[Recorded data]
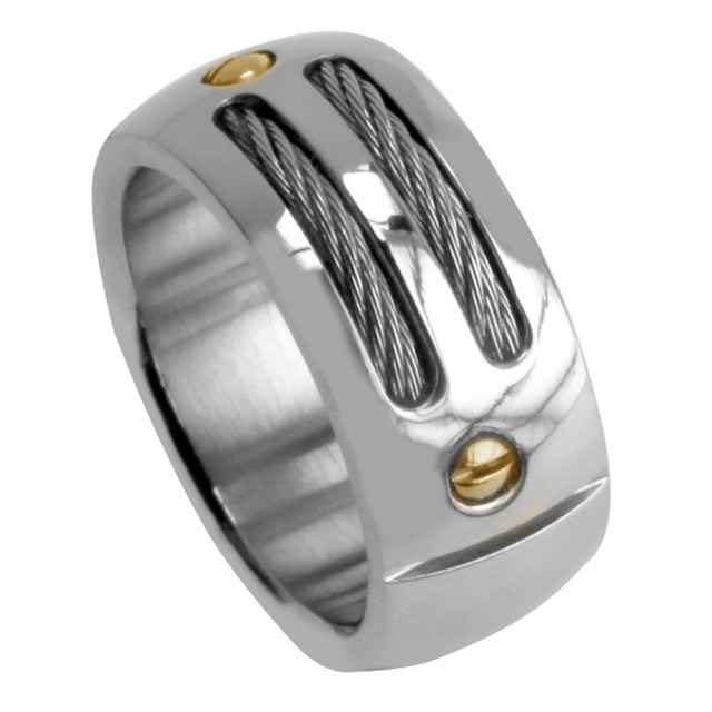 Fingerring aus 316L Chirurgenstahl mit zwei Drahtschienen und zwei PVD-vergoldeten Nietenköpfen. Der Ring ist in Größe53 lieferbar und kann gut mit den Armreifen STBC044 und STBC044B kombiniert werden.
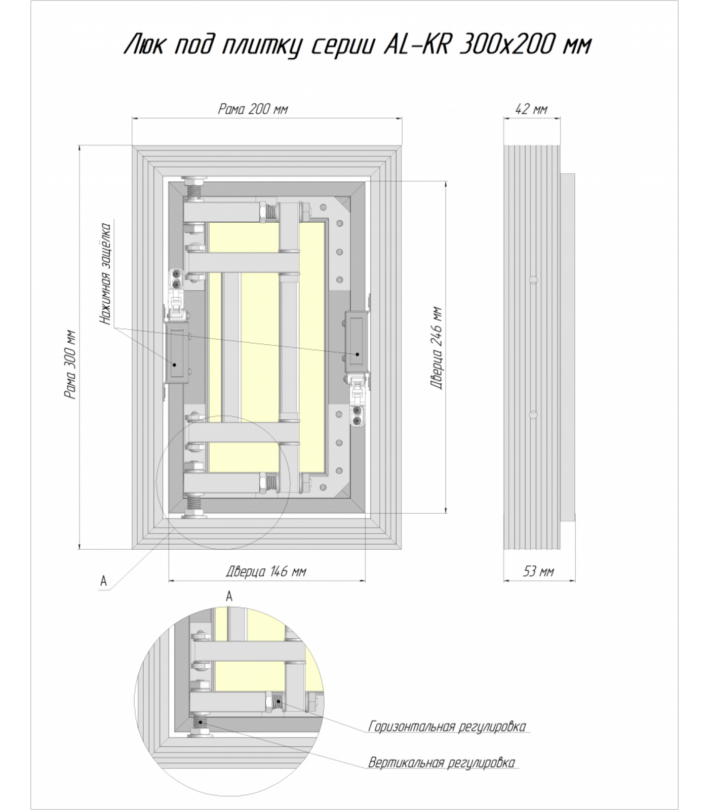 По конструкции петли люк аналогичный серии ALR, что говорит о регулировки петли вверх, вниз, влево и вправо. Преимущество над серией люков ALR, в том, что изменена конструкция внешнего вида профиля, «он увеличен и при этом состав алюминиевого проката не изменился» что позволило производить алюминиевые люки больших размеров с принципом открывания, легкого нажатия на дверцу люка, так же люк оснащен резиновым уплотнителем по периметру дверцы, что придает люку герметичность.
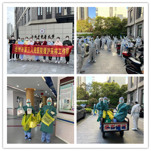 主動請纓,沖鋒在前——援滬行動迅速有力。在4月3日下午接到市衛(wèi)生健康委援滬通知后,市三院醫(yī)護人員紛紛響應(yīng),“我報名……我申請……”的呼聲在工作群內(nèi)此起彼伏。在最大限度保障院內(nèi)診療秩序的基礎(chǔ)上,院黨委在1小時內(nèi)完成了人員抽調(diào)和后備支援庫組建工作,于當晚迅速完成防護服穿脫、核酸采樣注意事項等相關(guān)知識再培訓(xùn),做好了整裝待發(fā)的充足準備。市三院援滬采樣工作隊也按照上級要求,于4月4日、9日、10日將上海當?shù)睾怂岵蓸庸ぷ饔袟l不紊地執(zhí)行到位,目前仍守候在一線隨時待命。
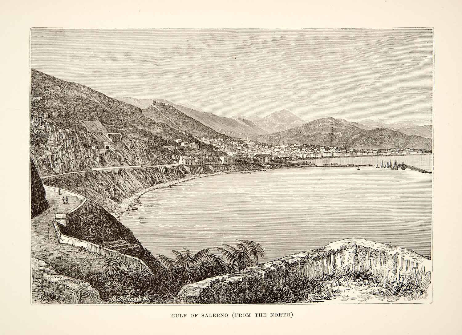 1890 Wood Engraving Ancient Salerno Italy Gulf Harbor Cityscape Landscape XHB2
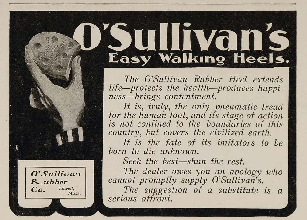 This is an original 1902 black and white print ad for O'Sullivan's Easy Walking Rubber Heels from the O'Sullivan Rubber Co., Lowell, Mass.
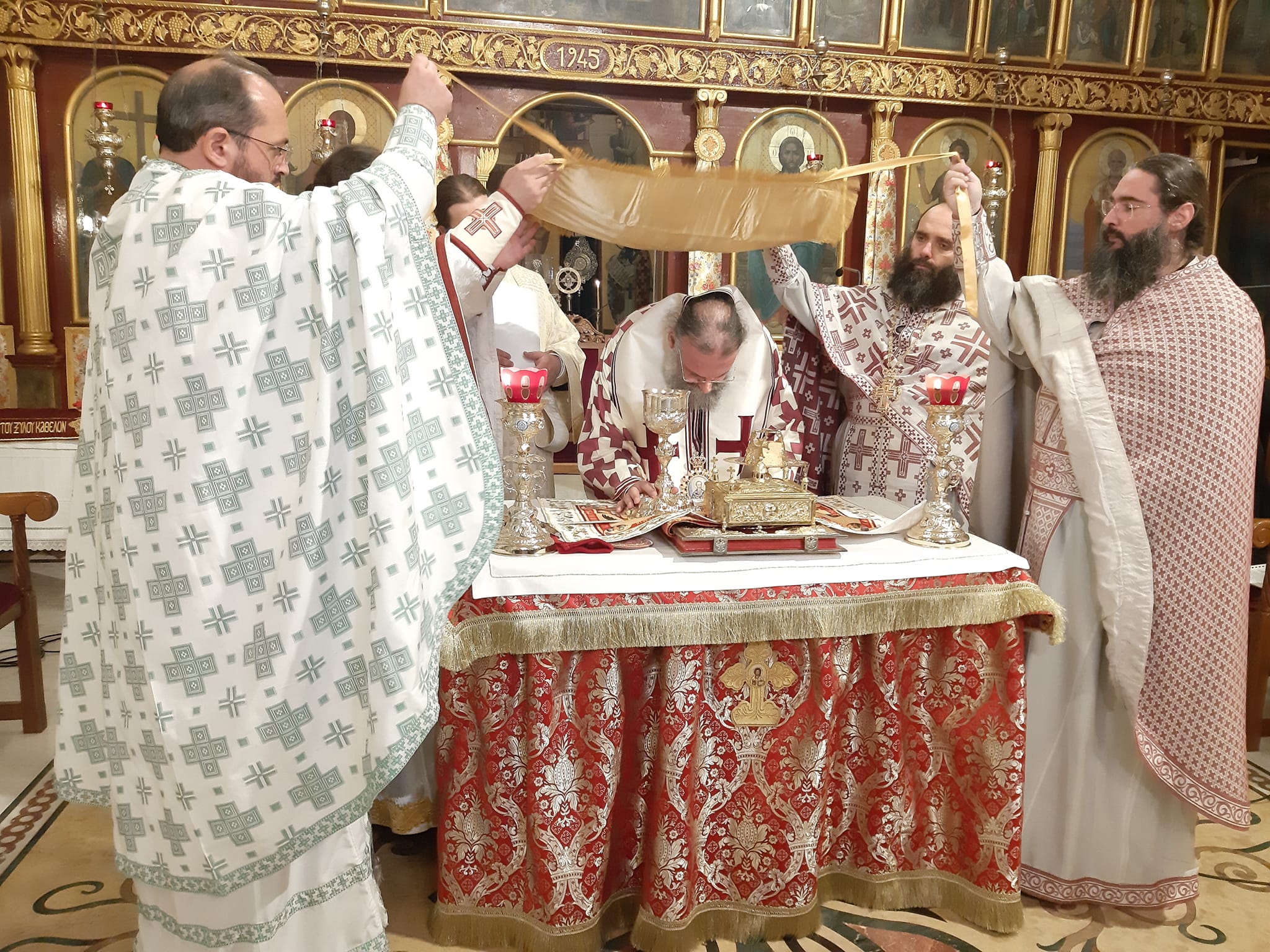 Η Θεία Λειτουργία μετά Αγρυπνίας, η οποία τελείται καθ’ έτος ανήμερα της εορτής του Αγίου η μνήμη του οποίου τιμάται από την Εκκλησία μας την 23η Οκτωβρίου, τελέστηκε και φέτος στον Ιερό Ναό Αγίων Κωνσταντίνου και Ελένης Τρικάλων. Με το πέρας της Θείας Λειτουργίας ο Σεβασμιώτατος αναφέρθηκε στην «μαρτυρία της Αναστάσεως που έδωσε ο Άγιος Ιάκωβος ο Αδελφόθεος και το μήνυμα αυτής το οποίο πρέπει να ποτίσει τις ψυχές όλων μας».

**What the task requires**
Your copy should hold exactly the lines from the one with "По конструкции петли" through the end of the records, both included, and no pictures.

**Written solution**
 По конструкции петли люк аналогичный серии ALR, что говорит о регулировки петли вверх, вниз, влево и вправо. Преимущество над серией люков ALR, в том, что изменена конструкция внешнего вида профиля, «он увеличен и при этом состав алюминиевого проката не изменился» что позволило производить алюминиевые люки больших размеров с принципом открывания, легкого нажатия на дверцу люка, так же люк оснащен резиновым уплотнителем по периметру дверцы, что придает люку герметичность.
 主動請纓,沖鋒在前——援滬行動迅速有力。在4月3日下午接到市衛(wèi)生健康委援滬通知后,市三院醫(yī)護人員紛紛響應(yīng),“我報名……我申請……”的呼聲在工作群內(nèi)此起彼伏。在最大限度保障院內(nèi)診療秩序的基礎(chǔ)上,院黨委在1小時內(nèi)完成了人員抽調(diào)和后備支援庫組建工作,于當晚迅速完成防護服穿脫、核酸采樣注意事項等相關(guān)知識再培訓(xùn),做好了整裝待發(fā)的充足準備。市三院援滬采樣工作隊也按照上級要求,于4月4日、9日、10日將上海當?shù)睾怂岵蓸庸ぷ饔袟l不紊地執(zhí)行到位,目前仍守候在一線隨時待命。
 1890 Wood Engraving Ancient Salerno Italy Gulf Harbor Cityscape Landscape XHB2
 This is an original 1902 black and white print ad for O'Sullivan's Easy Walking Rubber Heels from the O'Sullivan Rubber Co., Lowell, Mass.
 Η Θεία Λειτουργία μετά Αγρυπνίας, η οποία τελείται καθ’ έτος ανήμερα της εορτής του Αγίου η μνήμη του οποίου τιμάται από την Εκκλησία μας την 23η Οκτωβρίου, τελέστηκε και φέτος στον Ιερό Ναό Αγίων Κωνσταντίνου και Ελένης Τρικάλων. Με το πέρας της Θείας Λειτουργίας ο Σεβασμιώτατος αναφέρθηκε στην «μαρτυρία της Αναστάσεως που έδωσε ο Άγιος Ιάκωβος ο Αδελφόθεος και το μήνυμα αυτής το οποίο πρέπει να ποτίσει τις ψυχές όλων μας».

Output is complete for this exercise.